Public key infrastructure

High security and multiple applications with a document PKI

Certificate management for e-ID documents

Electronic signatures and digital certificates are required for various aspects of e-ID document security. The public key infrastructure (PKI) for managing these certificates therefore plays a central role in the e-ID background system.

Document verification and the Country Signing CA

To prevent counterfeiting and modification of the data stored on the chip of an e-ID document, these are electronically signed by a Document Signer (DS). An inspection system can verify this signature during readout and ensure the authenticity and integrity of the data. The authenticity of the Document Signer, in turn, can be verified by means of the DS certificate that has been issued by a central root authority, the so-called Country Signing Certification Authority (CSCA).
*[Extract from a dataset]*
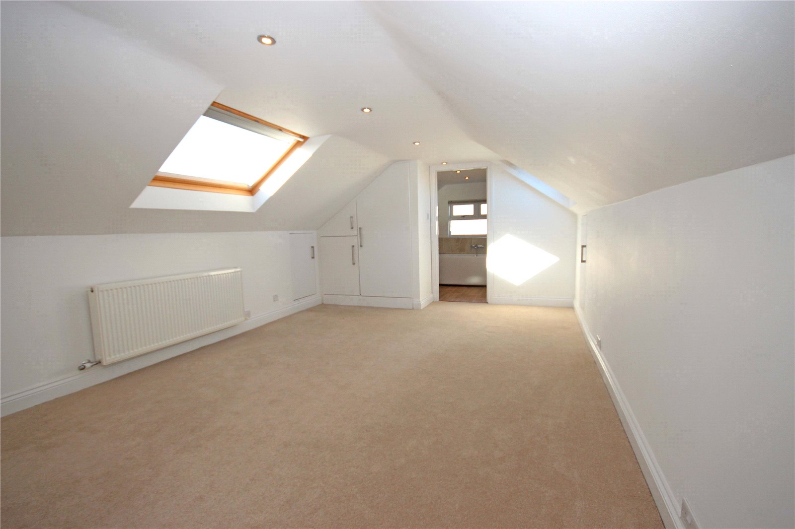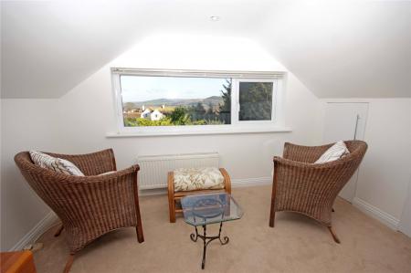 Stairs rise from the kitchen diner to the first floor of the property. To the right is a delightful reading nook/ snug with large panoramic picture window taking full advantage of the expansive views across the Axe estuary and rolling hills beyond. There are several storage cupboards providing access to the eaves, one of which houses the Worcester Bosch gas central heating boiler. To the left-hand side is a sizeable office with large picture window looking out to the front of the property and to the sea in the distance. There is a deep airing cupboard with slatted shelving housing the pressurised hot water tank. A door then leads through to the sizeable main bedroom which benefits from fitted wardrobes to either end of the room with hanging space and shelving alongside two Velux windows. A door then leads through to the en-suite which benefits from a freestanding modern bath with central chrome taps and handheld shower attachment, bowl style hand basin with oak vanity unit below and led mirror above. There is an obscured window looking out to the side of the property, toilet and two heated ladder style towel rails.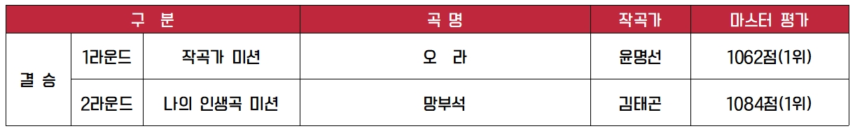 결승전의 작곡가 미션에는 윤명선 작곡가의 ‘오라’를 불렀습니다. 윤명선 작곡가는 장윤정의 ‘어머나’, 이승철의 ‘서쪽하늘’ 등을 작곡하였으며 예선전에서 홍가인 가수가 부른 송가인의 ‘엄마 아리랑’도 윤명선 작곡가의 작품입니다. 윤명선 작곡가는 실험적인 작곡을 많이 하며 트로트뿐만 아니라 다른 장르의 곡도 작곡을 하는 스펙트럼이 넓은 작곡가입니다. ‘오라’는 후렴구가 인상적인 곡으로 통통 튀는 듯한 리듬감이 홍지윤 가수에게 잘 어울리는 노래였습니다. 장윤정은 한 노래 안에 여러 가지 매력이 공존하는 곳인데 이 노래를 부를 수 있는 사람은 결승 진출자 중에는 홍지윤 가수뿐이라고 극찬하였습니다. 심사위원 점수 최고점 100점에 최저점 90점으로 전체 결승전 진출자 중에 1위를 하였습니다.

The DS certificate is usually read directly from the inspected document; the CSCA certificate is either exchanged bilaterally through diplomatic channels or published in the ICAO Public Key Directory (PKD).

Access Control

Many electronic passports contain sensitive information such as fingerprints or iris scans in addition to the general holder data. This information is usually protected in such a way that it can only be read by authorized inspection systems after they have authenticated themselves to the document – a process called Terminal Authentication (TA). For this purpose, the document issuer operates a separate Country Verifying Certification Authority (CVCA). This CA issues so-called Document Verifier (DV) certificates for national or even foreign institutions; these certificates encode the access right for reading fingerprints or iris scans. The Document Verifiers finally issue Inspection System (IS) certificates that “inherit” the right to read from the IT certificate.

During terminal authentication, the document checks the entire certificate chain from CVCA – DV – IS and checks whether the inspection system has been granted the right to read by a trustworthy authority. The CVCA infrastructure issues special Card Verifiable (CV) certificates, who’s reduced encoding compared to common X.509 certificates facilitates the verification in the document.

The same mechanisms can also be extended to other e-ID documents in order to protect sensitive data and to allow different authorities or private companies to read or even change information.